Estimez-vous être boycotté par certains médias en France ?
Je pense être boycotté par certains médias contrôlés par les sionistes; je ne dis pas les juifs, mais bien les sionistes, comme il convient de faire la différence entre musulmans et islamistes.

Regrettez-vous qu’à l’instar du football, le judo ne soit pas suffisamment médiatisé et pas suffisamment
rentable ? Le sport c’est quelque chose d’éphémère. On donne tellement, on ramène des médailles, on fait parler de nos pays, les drapeaux se lèvent… et on n’a pas assez de reconnaissance pour l’après. Il serait bon de pouvoir obtenir des diplômes de professorat de sport pour l’avenir. Le football est un sport médiatique, où l’on est effectivement mieux payé. On peut faire beaucoup de choses dans la vie, moi je me suis intéressé à l’Islam et j’ai envie de savoir, j’ai des réponses à certaines affirmations : quand on me dit que je suis antisémite, je réponds que non, car nous avons la même descendance. J’aime bien ces armes. Je ne sais pas grand-chose, mais un minimum ; j’essaie de grandir et comme on dit : il faut trembler pour grandir et je pense que ces épreuves que j’ai vécues me construisent doucement.

Vous avez écrit un livre…
Le livre, je l’ai écrit dans un but, disons, autobiographique, bien que je sois trop jeune pour ce terme mais, par la suite, j’ai vu qu’il y avait tellement de journalistes qui transgresseraient mes propos, j’ai décidé de mettre ma vérité noir sur blanc. Un journaliste de l’Equipe a écrit à plusieurs reprises des propos diffamatoires à mon sujet. Je n’ai pas réagi, mais lorsqu’il publie une soi-disant reproduction d’un article fictif, qui contient cette phrase : “Bouras, islamiste, a allumé la mèche...” Je prends un avocat et décide de les attaquer. Ils nous appellent pour s’arranger, je refuse. En juillet-août, c’étaient les vacances judiciaires, mon avocat m’appelle en septembre et me dit qu’on ne peut plus les attaquer car une nouvelle loi venait d’être appliquée, je comprends qu’ils ont acheté cet avocat. Je me rends donc dans les bureaux de l’Equipe, le lundi 20 octobre 1997, j’y rencontre l’auteur de l’article et lui dit : “Alors comme ça je suis un islamiste ? Vous savez ce que c’est un islamiste ?” Il me répond : “Eh ! bien quoi, c’est un musulman.” Je lui dis : “Un islamiste c’est celui qui égorge les enfants, celui qui pose des bombes, qui tue des gens… je suis un islamiste moi ?” Il se confond en excuses et me propose un mea culpa. Je lui ai dit : “Moi je vous pardonne, mais ne recommencez plus.”
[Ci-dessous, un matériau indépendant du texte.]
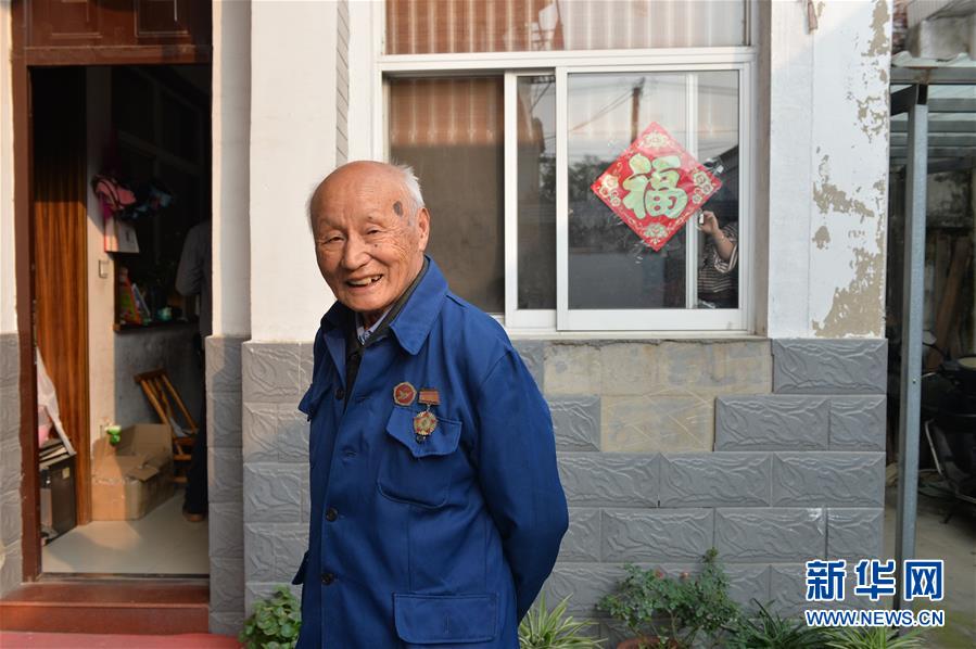 現(xiàn)已83歲的村民姚榮生佩戴紀(jì)念章站在自家院中(10月23日攝)。姚榮生生于1935年,曾參加抗美援朝戰(zhàn)爭,現(xiàn)在開弦弓村與兒孫們生活在一起。 新華社記者 尹棟遜攝
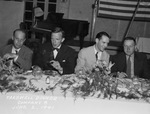 Camp Wolters is hosting a farewell banquet in Mineral Wells, Texas for the officers of the Company B, 60th Infantry Training Battalion. Attending the dinner left to right are Second Lieutenant Paul B. Kimberling, Second Lieutenant Richard B. Person, Chaplain Thomas Manley, and Captain Charles M. Dewey. Lieutenant Kimberling is wearing a suit. Lieutenant Person is dressed in a double breasted suit with a bowtie. Chaplain Manley is wearing a light colored suit. Captain Dewey, battalion executive officer, is wearing a pinstripe suit. The men are sitting behind a table in the banquet hall. There is a grand piano and an American flag in the background. Published in Fort Worth Star-Telegram, morning edition, June 5, 1941.
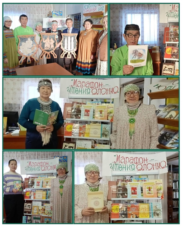 Тимофей Сметанин аатынан модельнай бибилэтиэкэ сэбиэдиссэйэ Варвара Никифоровна Спиридонова, олохтоох оскуола бибилэтиэкэрэ Антонина Петровна Павлова тэрийиилэринэн «Олоҥхону ааҕабыт» диэн марафоҥҥа нэһилиэкпит тэрилтэлэрин үлэһиттэрэ көхтөөхтүк кытыннылар: оскуолаттан Мария Гуляева, бэтэринээрийэттэн Людмила Игнатьева, «Күннэй” маҕаһыын сэбиэдиссэйэ Анастасия Игнатьева, «Угуйаан» култуура киинин үлэһиттэрэ Зоя Гуляева, Саргылана Спиридонова, Дмитрий Сметанин, кыраайы үөрэтээччи Геннадий Иванов, «Туосчаан» куруһуок салайааччыта Оксана Игнатьева, кырдьаҕастар түмсүүлэрин салайааччыта Нина Олесова.
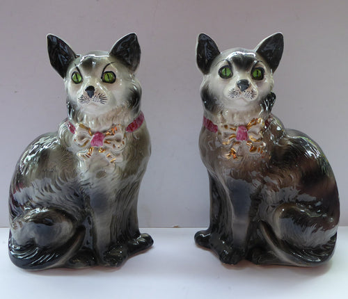 Antique SCOTTISH POTTERY. Highly Collectable Victorian / Edwardian Bridgeness (Bo'ness) Cats, c 1908 (Pink Bows)

Que pensez-vous des critiques émises à l’égard de Marie-José Perrec qui a quitté les J.O. de Sydney suite à des menaces ?
Maintenant que je connais certains médias, je préfère m’approcher des gens qu’on massacre, plutôt que de ceux que l’on glorifie, parce que ceux à qui on veut nuire sont peut-être ceux qui dérangent et qui parlent, qui ne sont pas des moutons.